DATA EXTRACT:
######
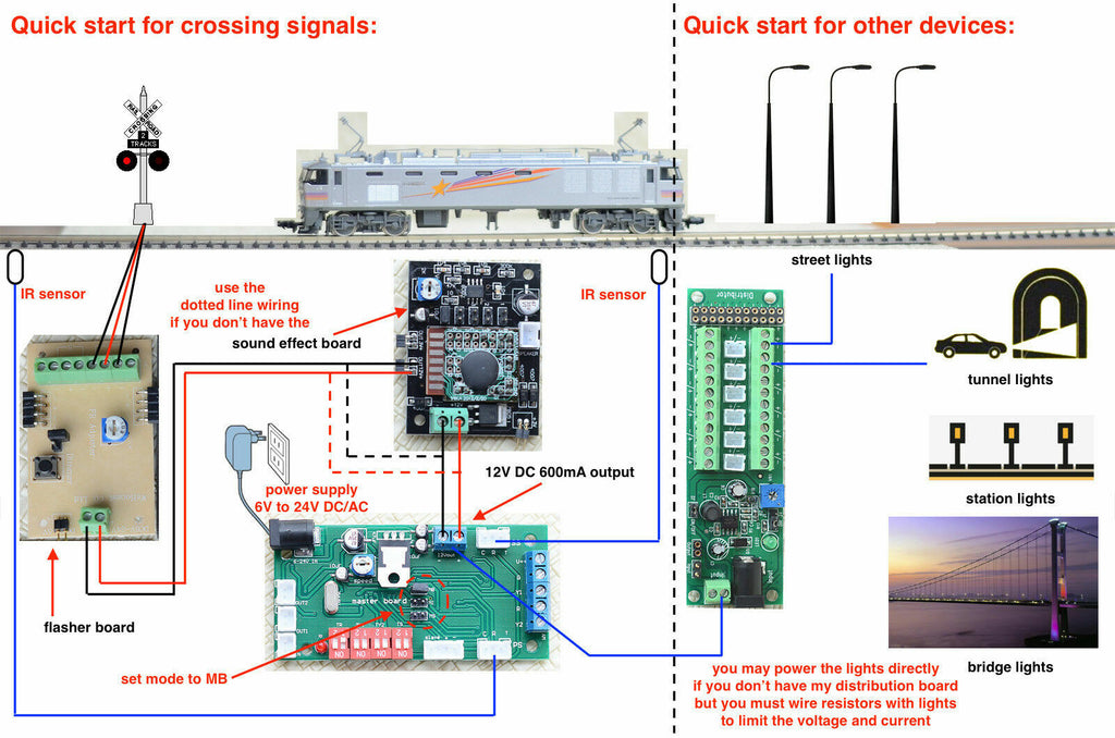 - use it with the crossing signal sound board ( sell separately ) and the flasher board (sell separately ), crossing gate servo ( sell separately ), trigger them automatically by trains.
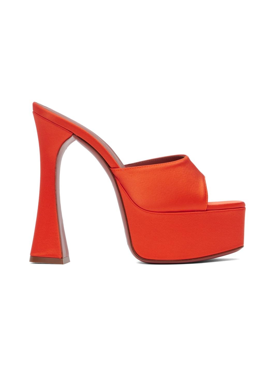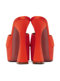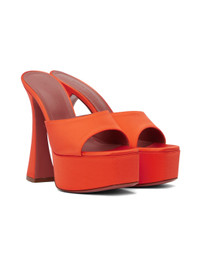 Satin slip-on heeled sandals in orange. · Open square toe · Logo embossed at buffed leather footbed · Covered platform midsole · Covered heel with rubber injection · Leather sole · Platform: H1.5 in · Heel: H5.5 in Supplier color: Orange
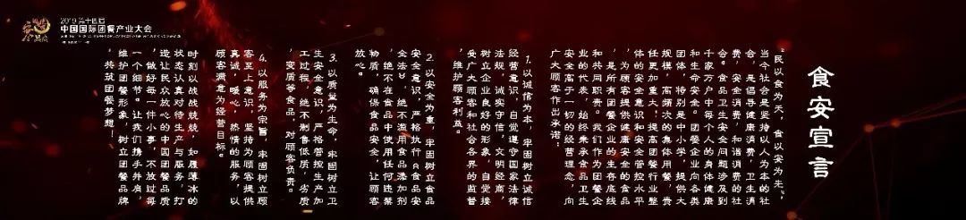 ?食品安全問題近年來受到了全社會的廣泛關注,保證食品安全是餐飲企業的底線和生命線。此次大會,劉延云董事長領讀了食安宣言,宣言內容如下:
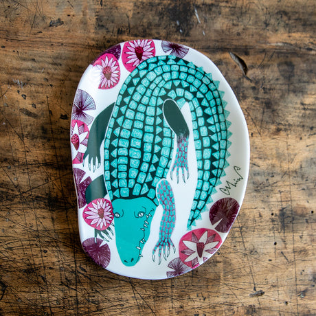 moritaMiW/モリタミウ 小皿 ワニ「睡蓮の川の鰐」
######
EXERCISE BRIEF: All lines from the one containing "Satin slip-on heeled" through the end of the data are to be restated exactly, with nothing else and without the pictures.

RESULT OF THIS TASK:
 Satin slip-on heeled sandals in orange. · Open square toe · Logo embossed at buffed leather footbed · Covered platform midsole · Covered heel with rubber injection · Leather sole · Platform: H1.5 in · Heel: H5.5 in Supplier color: Orange
 ?食品安全問題近年來受到了全社會的廣泛關注,保證食品安全是餐飲企業的底線和生命線。此次大會,劉延云董事長領讀了食安宣言,宣言內容如下:
 moritaMiW/モリタミウ 小皿 ワニ「睡蓮の川の鰐」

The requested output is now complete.